▶ _Required action_
Produce a word-for-word copy of the listing below without its pictures.

▶ _The data_
- - -
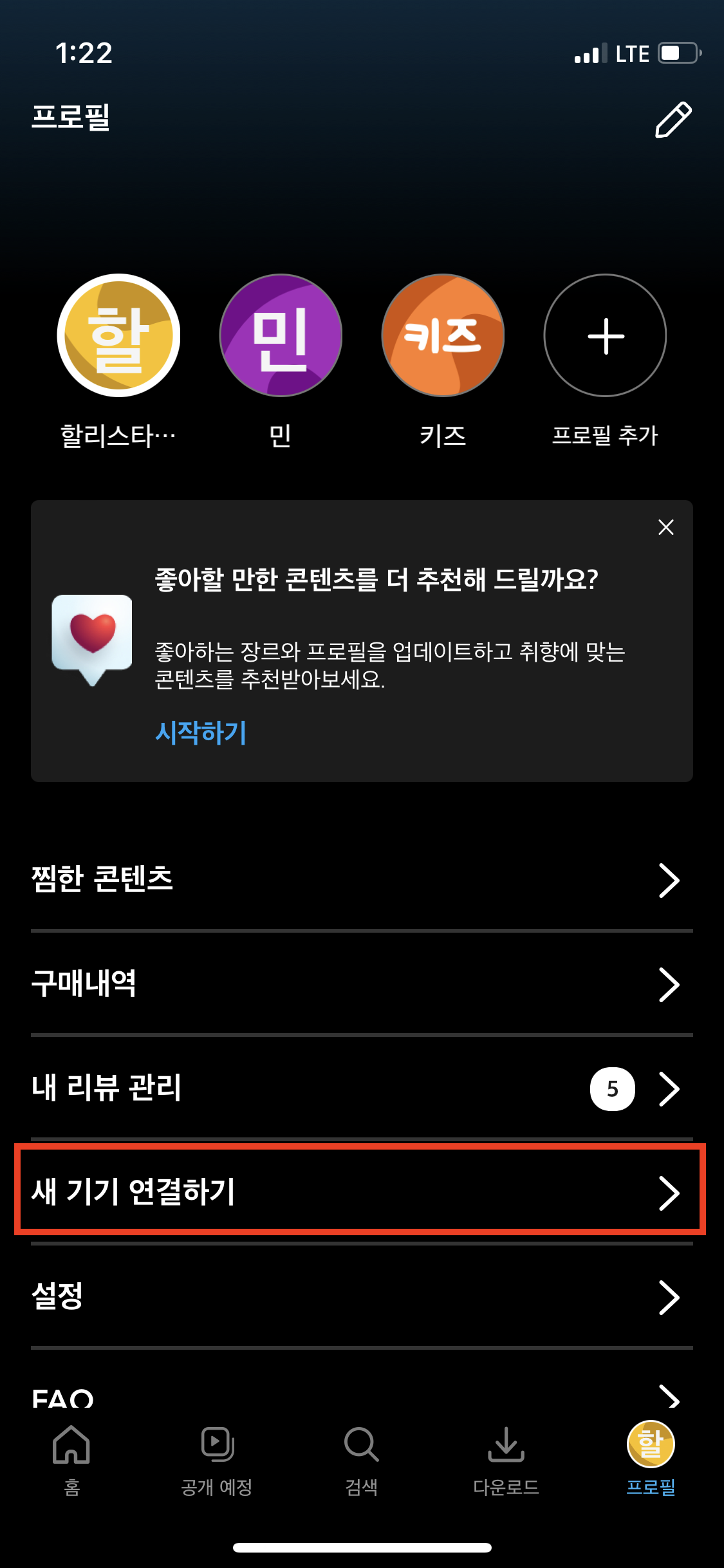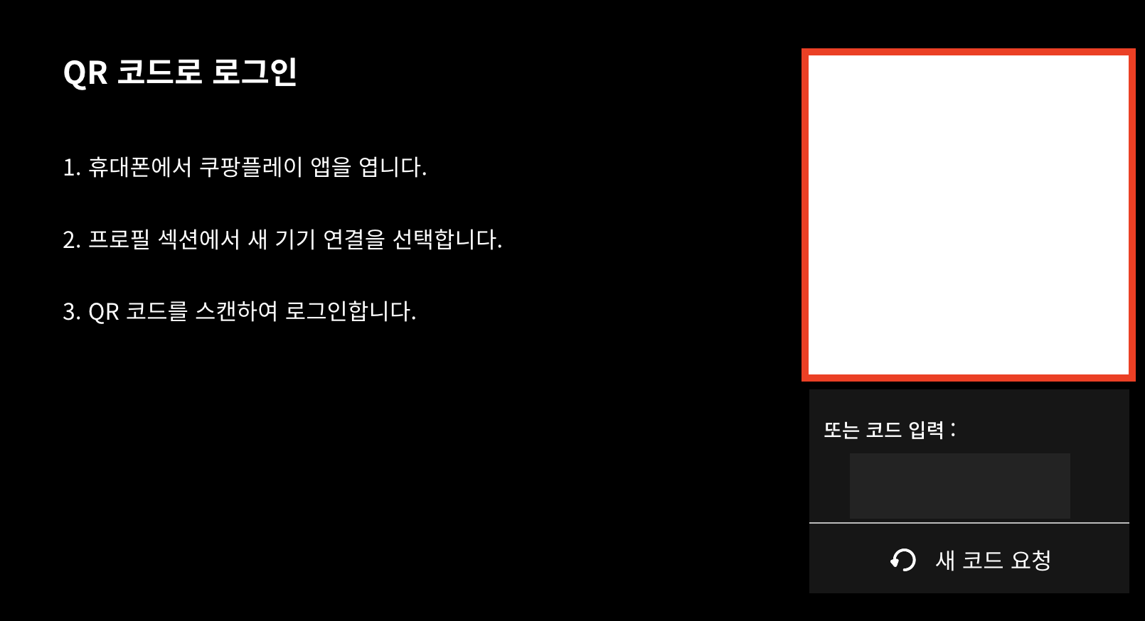 QR코드 인증은 쿠팡플레이 앱 - [프로필] - [새 기기 연결하기]를 누르면
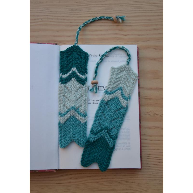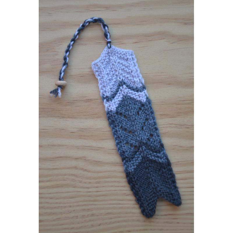 Joli marque page graphique en forme de chevron et tricoté à la main en laine 100% mérinos (Filature Fonty)
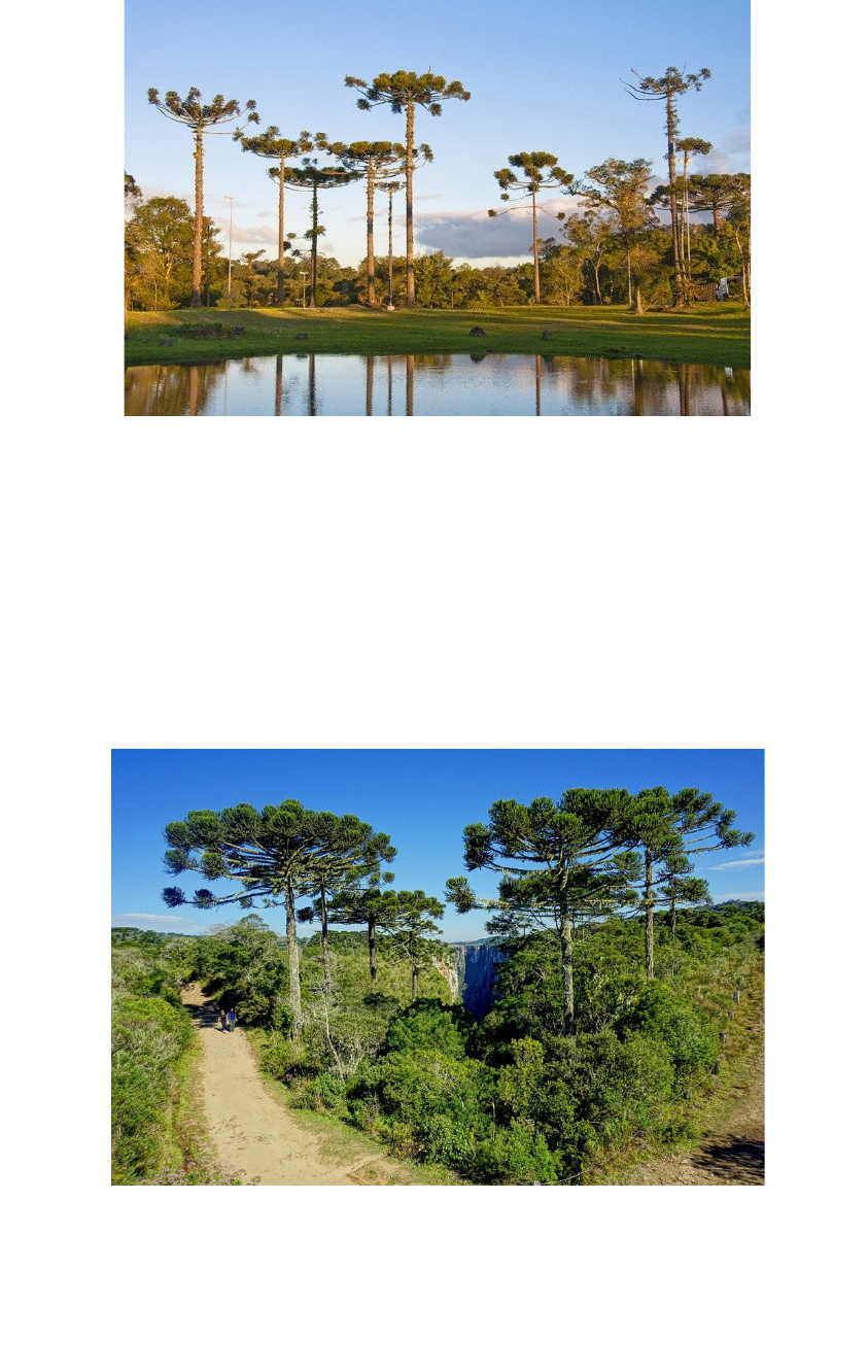 O que é o domínio das araucárias? O domínio morfoclimático das araucárias, também conhecida como Mata dos Pinhais é homogênea, aciculifoliada. A intensa ocupação agrária (café, soja) desse domínio foi a responsável pela devastação dessa floresta, encontrada desde o sul paulista até o norte gaúcho, o domínio das araucárias ocupa uma área de 400.000 km², abrangendo em seu território cidades importantes, como: Curitiba, Ponta Grossa, Lages, Caxias do Sul, Passo Fundo, Chapecó e Cascavel. Atualmente, a vegetação de araucária e chamada de pinheiro-do-Paraná, ou pinheiro-braseleiro pouco resta, as indústrias de celulose e madeireiras da região, fizeram um extrativismo descontrolado que resultou no desaparecimento total em algumas áreas. Sua condição de arbórea, geralmente com mais de 30 m de altura, condiz a um solo profundo, em virtude de suas raízes estabelecerem a sustentação da própria árvore. A região das araucárias encontra-se no planalto meridional onde a altitude pode variar de 500 metros até cerca de 1.200 m. Isso evidencia um clima subtropical em toda sua extensão que mantém uma boa relação com a precipitação existente nesse domínio, variando de 1.200 a 1.800 mm. Nesse sentido, a região identifica-se com uma grande rede de drenagem em toda a sua extensão territorial. O solo é formado principalmente por latossolos brunos e também é encontrado latossolos roxos, cambissolos, terras brunas e solos litólicos. Com estas características, o solo detém uma alta potencialidade agrícola, como: milho, feijão, batata etc. A ausência de estratégias de conservação, a intensa exploração comercial da madeira e as mudanças climáticas podem levar a Araucária à extinção até 2070. Essa é a conclusão de um estudo da Universidade de Reading, no Reino Unido. A espécie é a árvore-símbolo do Paraná.
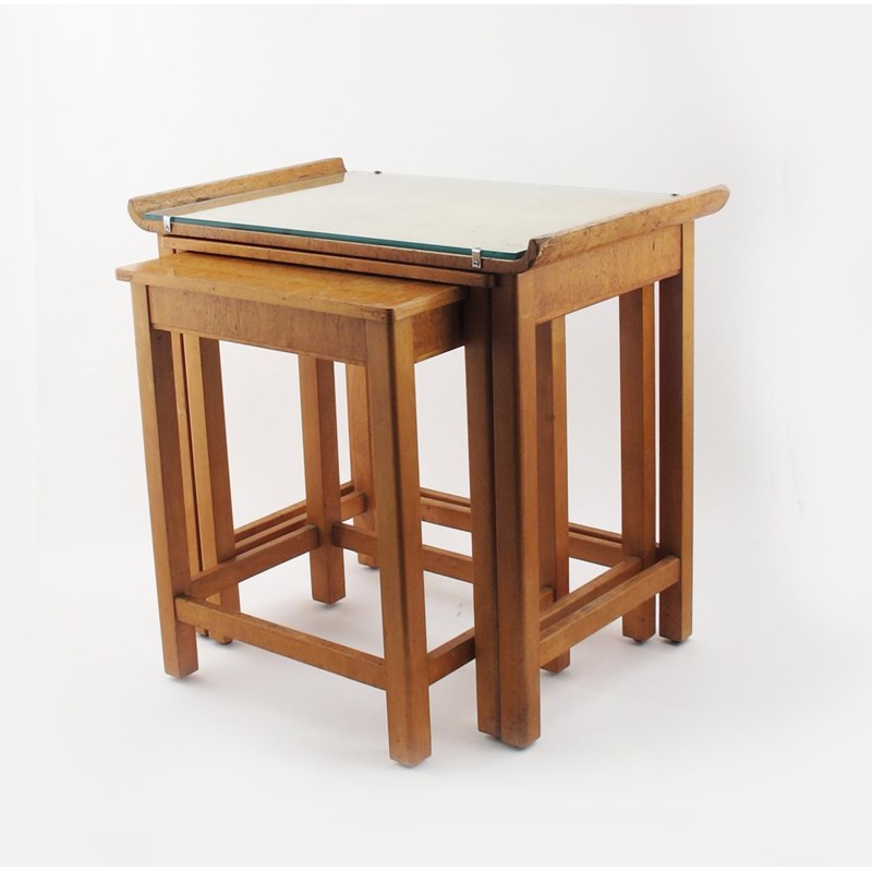 A nest of three satinwood veneer tables designed by Laszlo Hoenig, each rectangular tops, the largest with upturned ends and glass cover 57 x 36cm.
- - -
▶ _Written reply_
 QR코드 인증은 쿠팡플레이 앱 - [프로필] - [새 기기 연결하기]를 누르면
 Joli marque page graphique en forme de chevron et tricoté à la main en laine 100% mérinos (Filature Fonty)
 O que é o domínio das araucárias? O domínio morfoclimático das araucárias, também conhecida como Mata dos Pinhais é homogênea, aciculifoliada. A intensa ocupação agrária (café, soja) desse domínio foi a responsável pela devastação dessa floresta, encontrada desde o sul paulista até o norte gaúcho, o domínio das araucárias ocupa uma área de 400.000 km², abrangendo em seu território cidades importantes, como: Curitiba, Ponta Grossa, Lages, Caxias do Sul, Passo Fundo, Chapecó e Cascavel. Atualmente, a vegetação de araucária e chamada de pinheiro-do-Paraná, ou pinheiro-braseleiro pouco resta, as indústrias de celulose e madeireiras da região, fizeram um extrativismo descontrolado que resultou no desaparecimento total em algumas áreas. Sua condição de arbórea, geralmente com mais de 30 m de altura, condiz a um solo profundo, em virtude de suas raízes estabelecerem a sustentação da própria árvore. A região das araucárias encontra-se no planalto meridional onde a altitude pode variar de 500 metros até cerca de 1.200 m. Isso evidencia um clima subtropical em toda sua extensão que mantém uma boa relação com a precipitação existente nesse domínio, variando de 1.200 a 1.800 mm. Nesse sentido, a região identifica-se com uma grande rede de drenagem em toda a sua extensão territorial. O solo é formado principalmente por latossolos brunos e também é encontrado latossolos roxos, cambissolos, terras brunas e solos litólicos. Com estas características, o solo detém uma alta potencialidade agrícola, como: milho, feijão, batata etc. A ausência de estratégias de conservação, a intensa exploração comercial da madeira e as mudanças climáticas podem levar a Araucária à extinção até 2070. Essa é a conclusão de um estudo da Universidade de Reading, no Reino Unido. A espécie é a árvore-símbolo do Paraná.
 A nest of three satinwood veneer tables designed by Laszlo Hoenig, each rectangular tops, the largest with upturned ends and glass cover 57 x 36cm.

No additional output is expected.